■ **What to do**: No picture belongs in the answer, which must hold exactly the lines from the one with "A model walks" through the final line below.
[Given entries Boundary: Start]
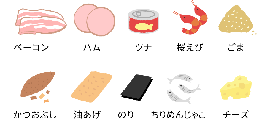 野菜を炒めるときは、ベーコンやツナ、桜えび、ちりめんじゃこ、油あげなどを加えると、
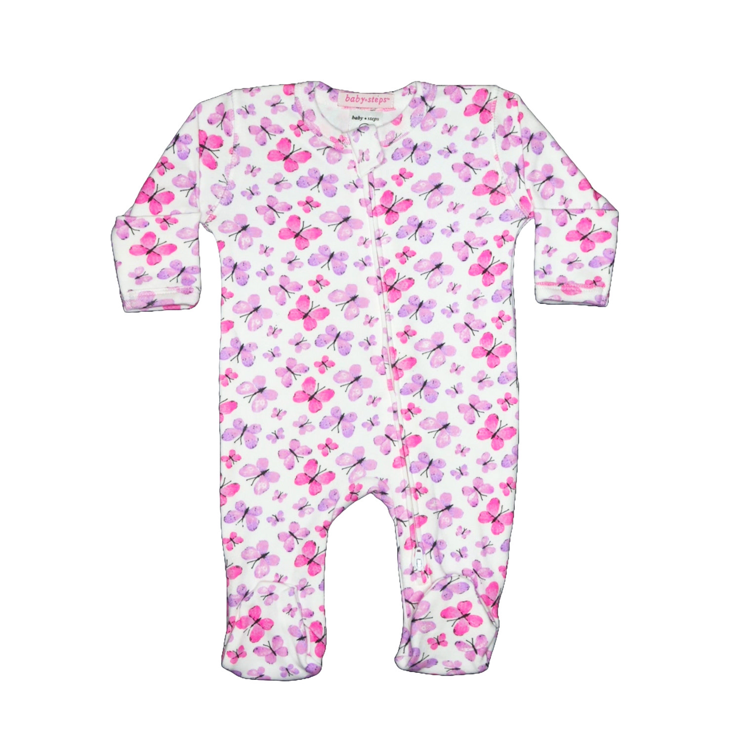 Baby Steps two way zippered footie in Butterflies print. 100% Cotton.
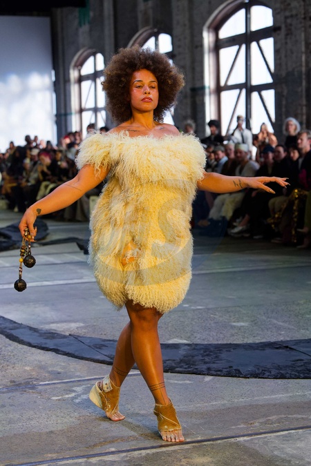 A model walks the runway during the Wackie Ju show during Australian Fashion Week Presented By Pandora 2024 at Carriageworks on May 17, 2024 in Sydney, Australia, Credit:IOIO IMAGES / Avalon
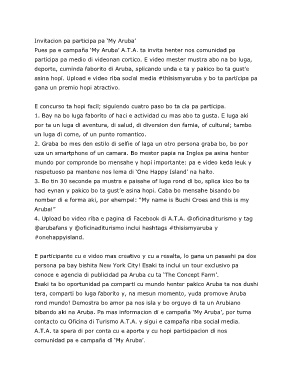 contacto cu Oficina di Turismo A.T.A. y sigui e campaña riba social media.
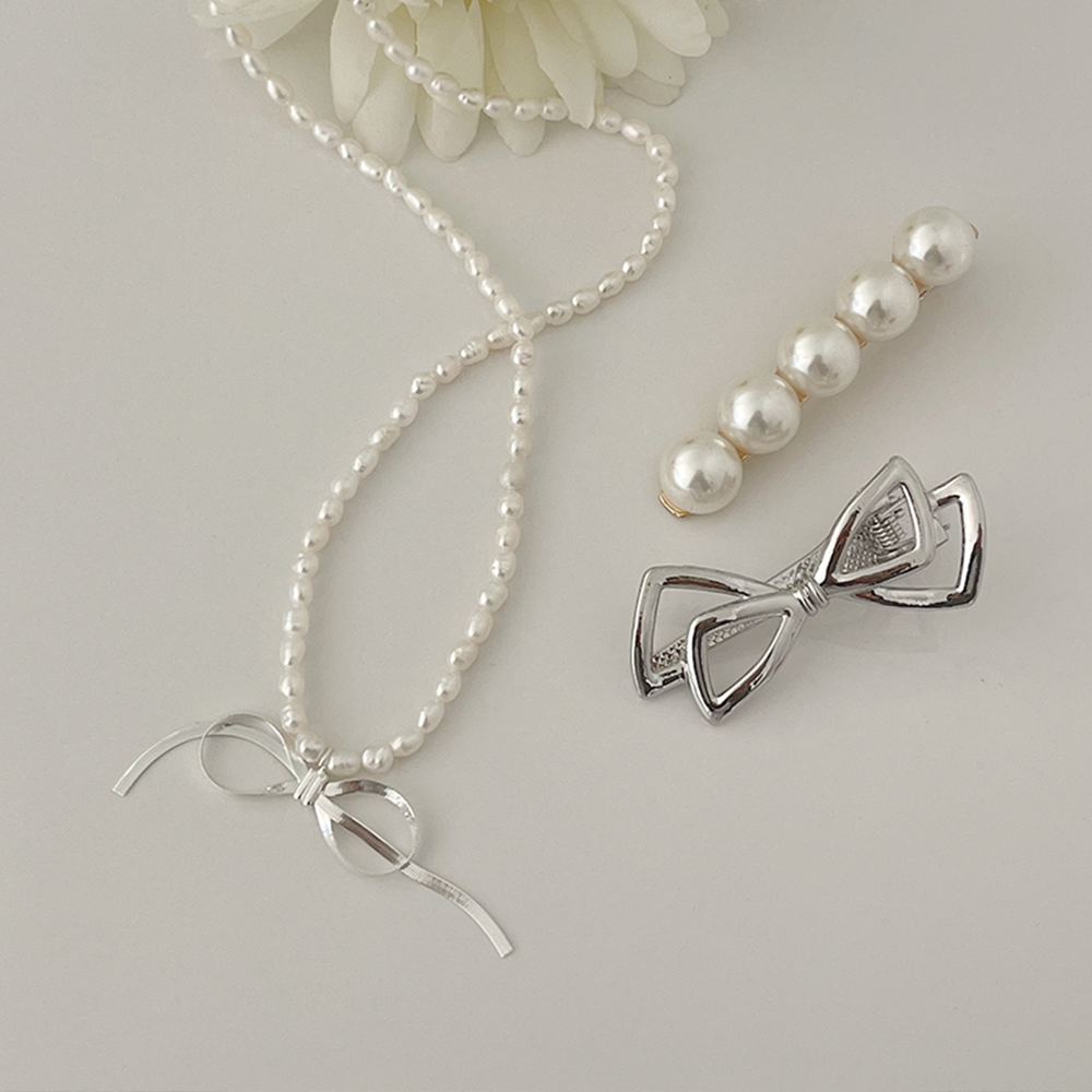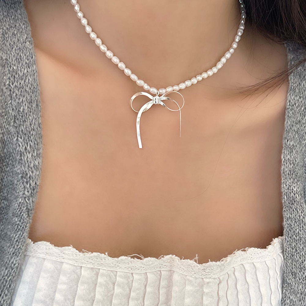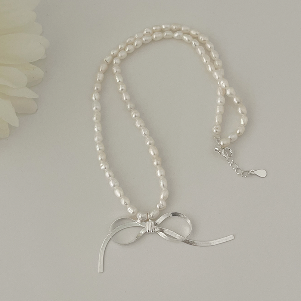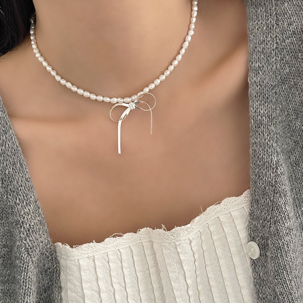 シルバーリボンパールネックレス
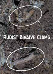 For example, during the Cretaceous Period, the Western Inland Seaway stretched from the Gulf to the Arctic, separating Eastern and Western North America. Central Texas limestone, evidence of this seaway, contains fossils of sea life, such as rudist bivalves (above)—clams that formed reefs. Sediments and shells accumulated on the ocean bottom and became rock.
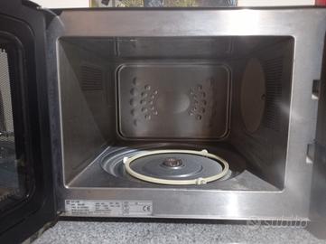 Vendo microonde con display e rotella per regolare il tempo, manca il piatto interno in vetro, ogni tanto la rotella non funziona, però se apro e richiudo riparte, microonde funzionante.Largh. 47 prof.35 alt.28
[Given entries Boundary: End]
■ **Response for this exercise**:
 A model walks the runway during the Wackie Ju show during Australian Fashion Week Presented By Pandora 2024 at Carriageworks on May 17, 2024 in Sydney, Australia, Credit:IOIO IMAGES / Avalon
 contacto cu Oficina di Turismo A.T.A. y sigui e campaña riba social media.
 シルバーリボンパールネックレス
 For example, during the Cretaceous Period, the Western Inland Seaway stretched from the Gulf to the Arctic, separating Eastern and Western North America. Central Texas limestone, evidence of this seaway, contains fossils of sea life, such as rudist bivalves (above)—clams that formed reefs. Sediments and shells accumulated on the ocean bottom and became rock.
 Vendo microonde con display e rotella per regolare il tempo, manca il piatto interno in vetro, ogni tanto la rotella non funziona, però se apro e richiudo riparte, microonde funzionante.Largh. 47 prof.35 alt.28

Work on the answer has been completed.